1.0.0 • Published 2 years ago

sparse-geonames-ingest v1.0.0

Weekly downloads
-
License
bsd
Repository
-
Last release
2 years ago

sparse-geonames-ingest

scripts to generate sparse p2p archives for geonames data

to search the data generated by this tool, use sparse-geonames-search

Sorting and loading results are written to disk to save memory.

This tool is capable of building an archive from allCountries.txt, a 1.5GB archive (as of 2022) with all geonames data. On my laptop this took 38 minutes and used several gigabytes of RAM. cities500.txt takes 10 seconds.

usage

usage: sparse-geonames-ingest COMMAND {OPTIONS}

sparse-geonames-ingest ingest {-i INFILE} -o OUTDIR

  Load, sort, and build in one command.

sparse-geonames-ingest load {-i INFILE} -o OUTDIR

  Read geonames newline-delimited text file from INFILE or "-" (stdin),
  writing output to OUTDIR.

sparse-geonames-ingest sort -o OUTDIR

  Sort loaded data from OUTDIR, writing results to OUTDIR.

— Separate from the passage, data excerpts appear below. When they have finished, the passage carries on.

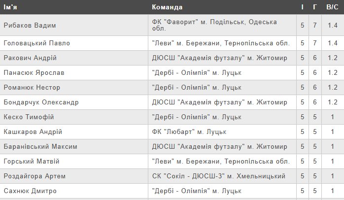 Рейтинг бомбардирів.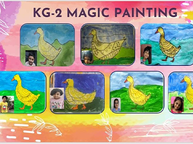 ‘Magic painting’ – The name itself brightened our children’s faces and added magic in their eyes. This activity involved drawing a duck with various patterns using only a black wax crayon.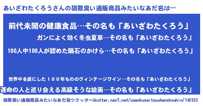 | ヘコむあだ名 | 『あいざわたくろう(苦笑)』『酢こんぶ』 |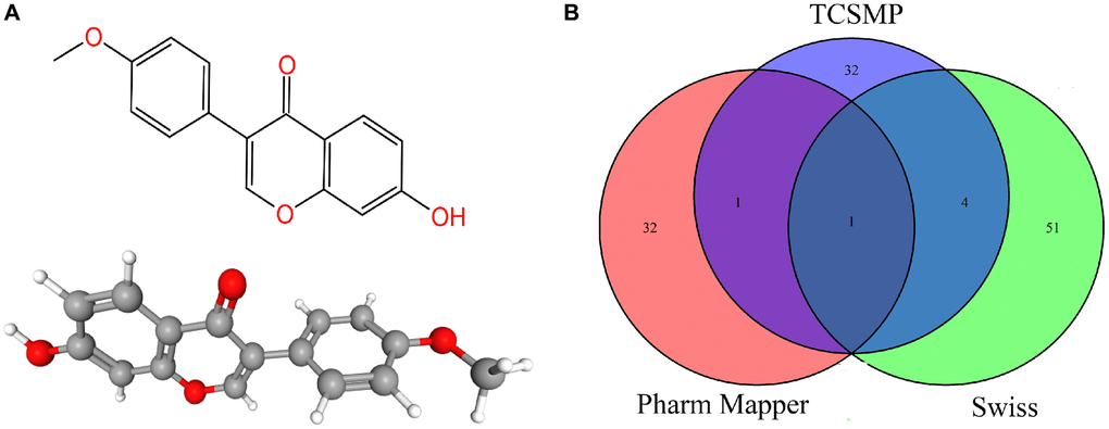 Target proteins that interact with bioactive molecules of formononetin were obtained from TCMSP, DrugBanK (https://go.drugbank.com/), Pharm Mapper (https://pubchem.ncbi.nlm.nih.gov/), and Swiss databases (http://www.swisstargetprediction.ch/). We used the full name of the target protein to obtain the corresponding gene abbreviation via UniProt ID in the UniProt database. Intersection targets screened from the three databases were considered potential target protein targets.

sparse-geonames-ingest build -o OUTDIR (--size=SIZE)

  Build sorted data from OUTDIR, writing results to OUTDIR.
  Each file in the output is at most SIZE bytes.

api

var sgingest = require('sparse-geonames-ingest')

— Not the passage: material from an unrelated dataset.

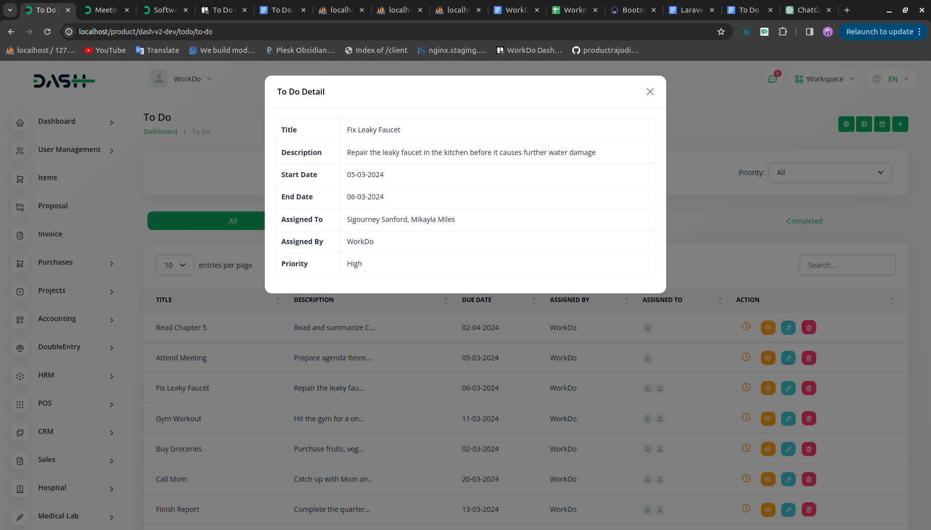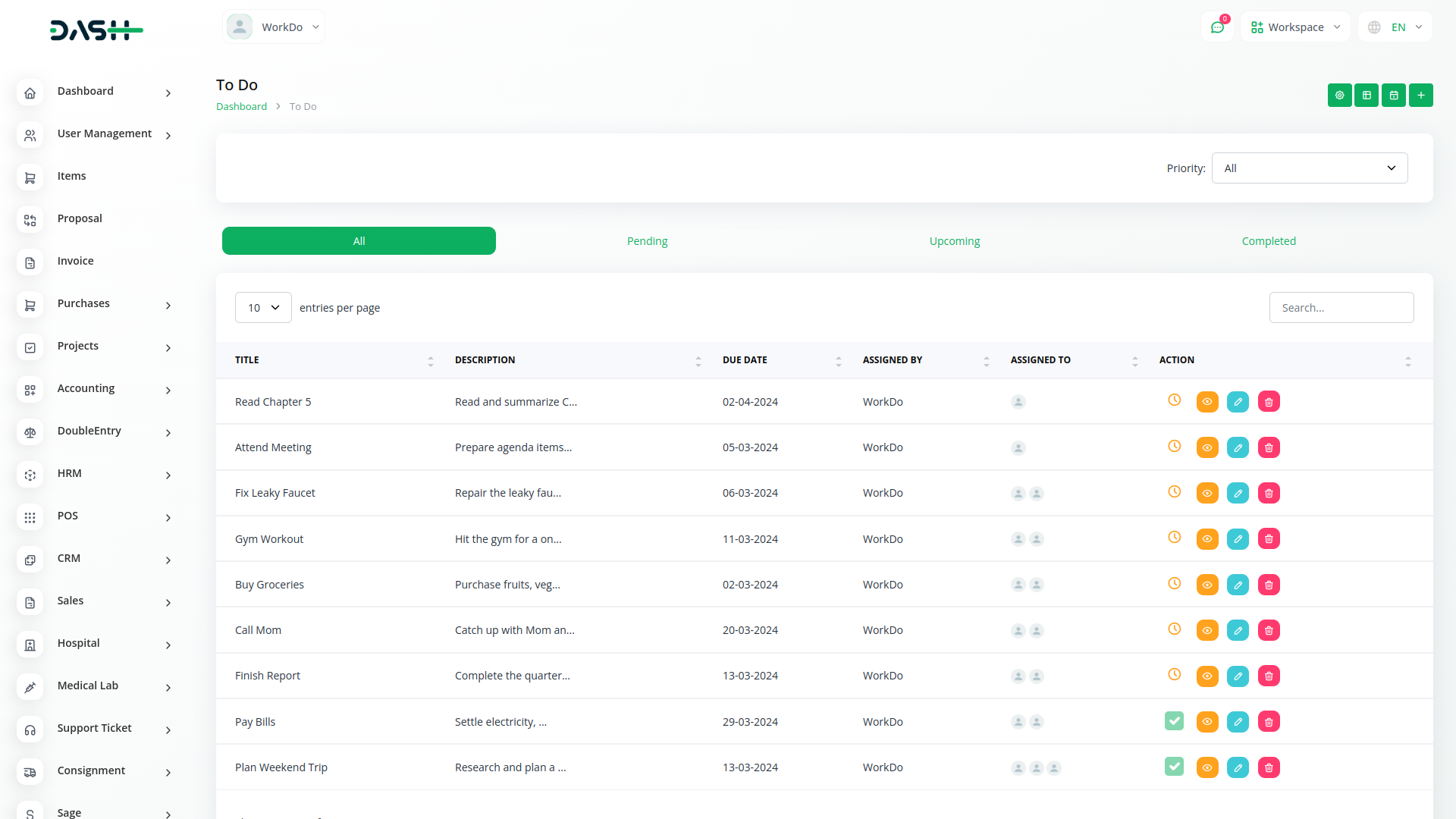 Simplify task management with Dash SaaS's ToDo module. Create, assign, and track tasks seamlessly, customizing stages to monitor progress effectively. From ideation to completion, streamline your workflow and ensure tasks are completed on time with intuitive tools that prioritize efficiency.

var ingest = sgingest(opts)

  • opts.outdir - directory to use for output and temporary storage
  • opts.recordsLimit - number of records to buffer before flushing to disk
  • opts.lookupLimit - number of lookups to buffer before flushing to disk
  • opts.limit - number of records and lookups to buffer before flushing to disk

ingest.write(line, cb)

Process one line of input from a geonames text file, calling cb(err) when complete.

ingest.flush(cb)

Flush buffered records in memory to disk, calling cb(err) when complete.

ingest.sort(cb)

Sort

ingest.build(opts={}, cb)

install

npm install sparse-geonames-ingest

license

bsd